Maybe this node logs helps
01/01/1970 11:17:24
[talos] node watch error {"component": "controller-runtime", "controller": "k8s.NodeStatusController", "error": "failed to list *v1.Node: Get \"https://127.0.0.1:7445/api/v1/nodes?fieldSelector=metadata.name%3Dtalos-q7f-tv7&resourceVersion=7429241\": EOF", "error_count": 4}
01/01/1970 11:18:08
[talos] node watch error {"component": "controller-runtime", "controller": "k8s.NodeStatusController", "error": "failed to list *v1.Node: Get \"https://127.0.0.1:7445/api/v1/nodes?fieldSelector=metadata.name%3Dtalos-q7f-tv7&limit=500&resourceVersion=0\": EOF", "error_count": 0}
01/01/1970 17:05:27
[talos] error watching discovery service state {"component": "controller-runtime", "controller": "cluster.DiscoveryServiceController", "error": "rpc error: code = Unavailable desc = keepalive ping failed to receive ACK within timeout"}
This is totally unrelated. If Talos disconnects from Omni, the logs will say about SideroLink
.
probably unrelated, but the time is off by a lot somewhere in your infra ;)

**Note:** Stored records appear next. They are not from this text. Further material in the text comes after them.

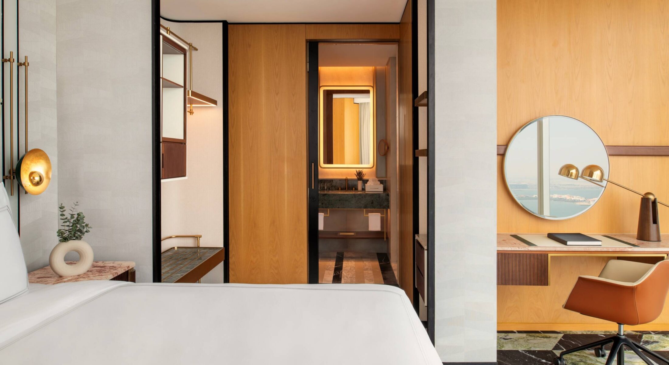 Blissful sleep comes naturally in the bedroom with its snow-white king bed, blackout curtains and adjustable temperature controls. And in the marble bathroom, a walk-in shower and alpine-inspired Pürovel amenities inspire your daily pampering ritual. Looking for an even more indulgent experience? Ask the concierge to make a reservation for you at Pürovel Spa.
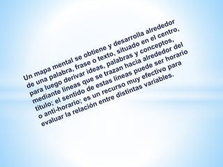 El documento habla sobre los mapas mentales. Explica que los mapas mentales son diagramas utilizados para representar palabras, ideas y conceptos relacionados con una idea central de manera radial. Ofrecen una forma lógica y creativa de organizar la información y tomar notas de manera que la información pueda ser asimilada y recordada fácilmente. Los mapas mentales ayudan a generar, visualizar y clasificar ideas para organizar la información, resolver problemas y tomar decisiones de manera efectiva.
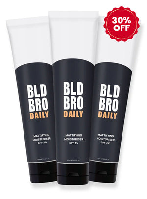 Awarded 'Best for Bald' by Men's Health, BLD BRO Daily 30 is your go-to SPF 30 matte gel moisturiser for everyday use. It hydrates, protects against harmful UVA/UVB rays, controls shine, and absorbs fast, leaving zero residue for a clean, confident look.
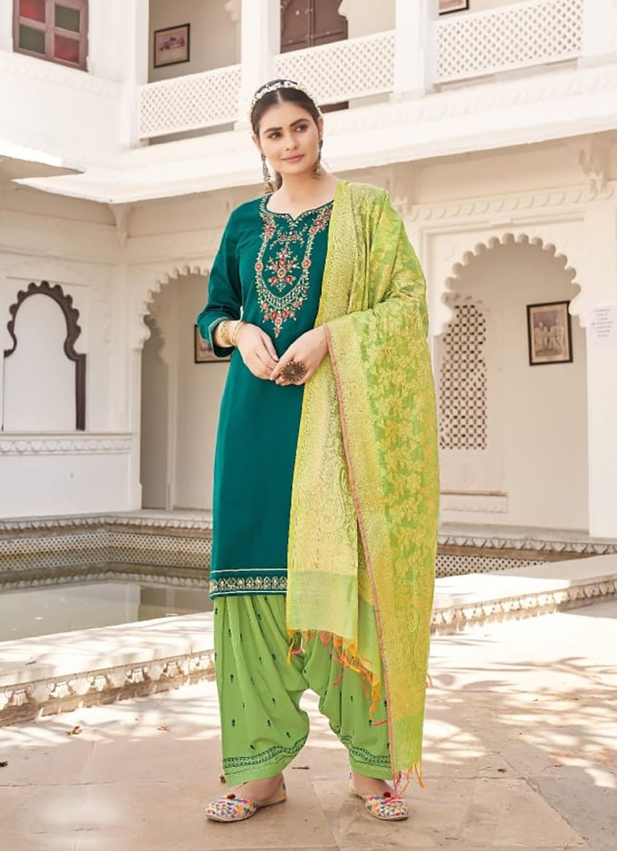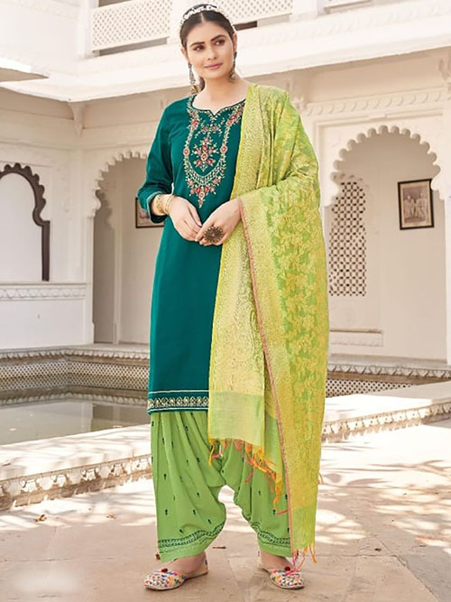 This beautiful salwar kameez patiala suit top comes in jam silk and is enhanced with elegant work. Patiala bottom salwar comes in premium rayon. Dupatta comes in banarasi silk jacquard.

The date on the node is correct, it's an optical UI issue in omni, I can reproduce this issue;
The nodes are connected by cable on a stable network, it seems to be at random with this as last node message
[talos] kubernetes endpoint watch error {"component": "controller-runtime", "controller": "k8s.EndpointController", "error": "failed to list *v1.Endpoints: Get \"https://[fdae:41e4303::1]:10000/api/v1/namespaces/default/endpoints?fieldSelector=metadata.name%3Dkubernetes&resourceVersion=645709\": dial tcp [fdae:41303::1]:10000: i/o timeout"}
I tried using internal discovery or public, results are the same. The k8s cluster itself is operational, the node is reachable and port 50000 is open indicating that the api-server is operational, sometimes a reboot works (which is strange since it depends on the wireguard connection)

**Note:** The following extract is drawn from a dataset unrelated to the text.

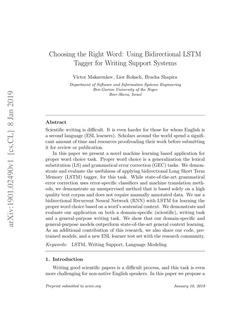 Scientific writing is difficult. It is even harder for those for whom English is a second language (ESL learners). Scholars around the world spend a significant amount of time and resources proofreading their work before submitting it for review or publication. In this paper we present a novel machine learning based application for proper word choice task. Proper word choice is a generalization the lexical substitution (LS) and grammatical error correction (GEC) tasks. We demonstrate and evaluate the usefulness of applying bidirectional Long Short Term Memory (LSTM) tagger, for this task. While state-of-the-art grammatical error correction uses error-specific classifiers and machine translation methods, we demonstrate an unsupervised method that is based solely on a high quality text corpus and does not require manually annotated data. We use a bidirectional Recurrent Neural Network (RNN) with LSTM for learning the proper word choice based on a word's sentential context. We demonstrate and evaluate our application on both a domain-specific (scientific), writing task and a general-purpose writing task. We show that our domain-specific and general-purpose models outperform state-of-the-art general context learning. As an additional contribution of this research, we also share our code, pre-trained models, and a new ESL learner test set with the research community.

I'll keep debugging, thanks for all your work.
Is there an existing issue for this?
Current Behavior
When upgrading omni I sometime notice that Siderolinks seem to go down for a long time. Nodes are not available during this downtime.
Expected Behavior
Node repair (restore) connections to omni in case of unexpected disconnects. I would expect at least a reconnect on failure from nodes.
Steps To Reproduce
Bring Omni 0.42.3 down for a few minutes and restart, some nodes are not available/connected.
What browsers are you seeing the problem on?
No response
Anything else?
A reboot command to the node sometimes works.